EXERCISE BRIEF: Please copy the data below exactly; none of the pictures in it belong in the copy.

Saved entries:
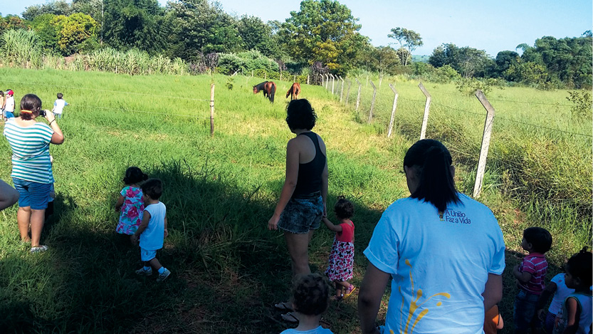 O passeio no sítio foi divertido, as crianças ficaram encantadas com os animais e com o lugar, é diferente do cotidiano em que vivem. Fomos de ônibus, passamos por diversos pontos da cidade; lá os mais variados animais e as crianças ficaram maravilhadas e surpresas com animais que nunca tinham visto.
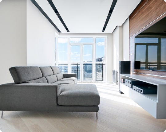- Стандартный белый профиль вполне подходит для такого направления, под заказ его можно заламинировать черной, серебристой или другой пленкой.
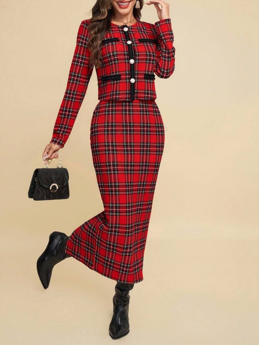 Compleu cu Fusta Midi Jannik Rosu cu Print Geometric Negru si Alb
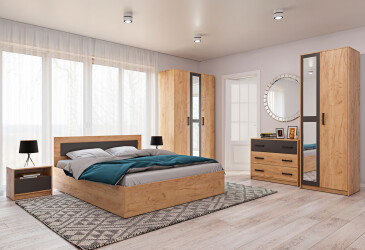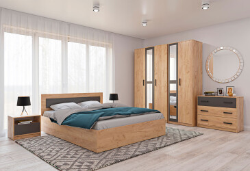 - 160х200, Garant, ламинированная ДСП, ламинированная ДСП, телескопические направляющие полного выдвижения, современный, дуб крафт золотой / антрацит, с трёхдверным шкафом, с пятидверным шкафом, с двухдверным шкафом.
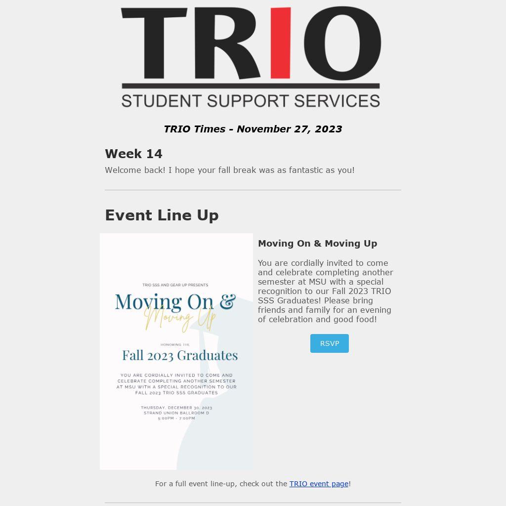 You are cordially invited to come and celebrate completing another semester at MSU with a special recognition to our Fall 2023 TRIO SSS Graduates! Please bring friends and family for an evening of celebration and good food!
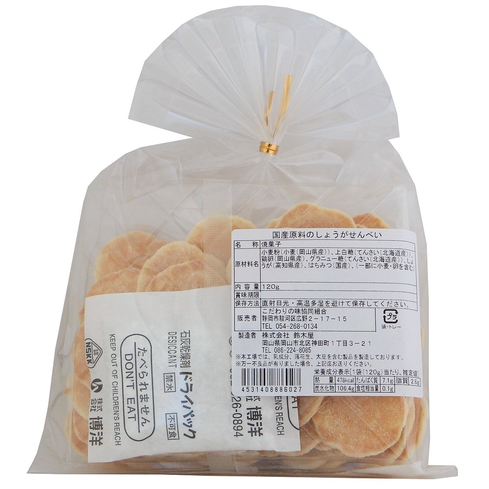 高知県産しょうがの絞り汁で蜜を作り、小粒のたまごせんべいにつけた、風味の良いしょうがせんべいです。
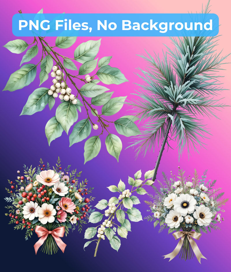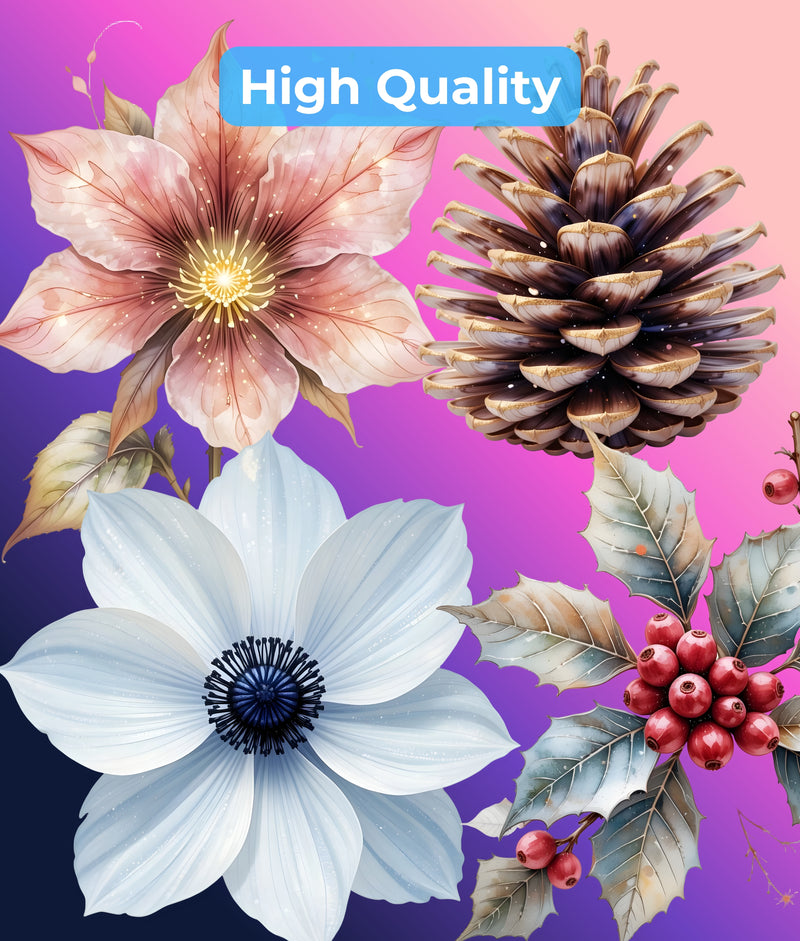 Enhance your creative projects with our Winter Botanical Elements Clipart Bundle. This exquisite collection features a variety of hand-drawn winter foliage, perfect for seasonal invitations, holiday cards, and festive decorations. Capture the essence of winter with these high-quality, versatile designs, ideal for both digital and print use. Transform your artwork with the charm of winter botanicals today!
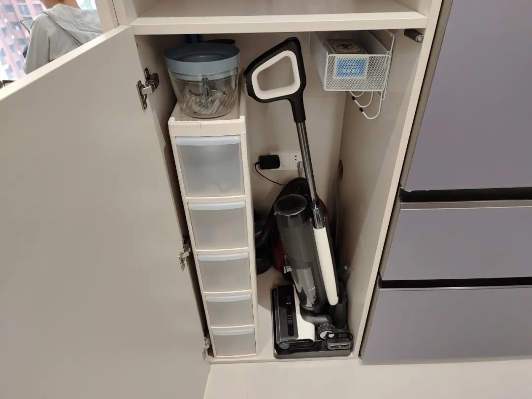 厨房用品收纳在厨房里面、洗衣液就收纳在洗衣机附近,需要用到的时候就不用跑去别的空间取用。

RESULT BELOW:
 O passeio no sítio foi divertido, as crianças ficaram encantadas com os animais e com o lugar, é diferente do cotidiano em que vivem. Fomos de ônibus, passamos por diversos pontos da cidade; lá os mais variados animais e as crianças ficaram maravilhadas e surpresas com animais que nunca tinham visto.
- Стандартный белый профиль вполне подходит для такого направления, под заказ его можно заламинировать черной, серебристой или другой пленкой.
 Compleu cu Fusta Midi Jannik Rosu cu Print Geometric Negru si Alb
 - 160х200, Garant, ламинированная ДСП, ламинированная ДСП, телескопические направляющие полного выдвижения, современный, дуб крафт золотой / антрацит, с трёхдверным шкафом, с пятидверным шкафом, с двухдверным шкафом.
 You are cordially invited to come and celebrate completing another semester at MSU with a special recognition to our Fall 2023 TRIO SSS Graduates! Please bring friends and family for an evening of celebration and good food!
 高知県産しょうがの絞り汁で蜜を作り、小粒のたまごせんべいにつけた、風味の良いしょうがせんべいです。
 Enhance your creative projects with our Winter Botanical Elements Clipart Bundle. This exquisite collection features a variety of hand-drawn winter foliage, perfect for seasonal invitations, holiday cards, and festive decorations. Capture the essence of winter with these high-quality, versatile designs, ideal for both digital and print use. Transform your artwork with the charm of winter botanicals today!
 厨房用品收纳在厨房里面、洗衣液就收纳在洗衣机附近,需要用到的时候就不用跑去别的空间取用。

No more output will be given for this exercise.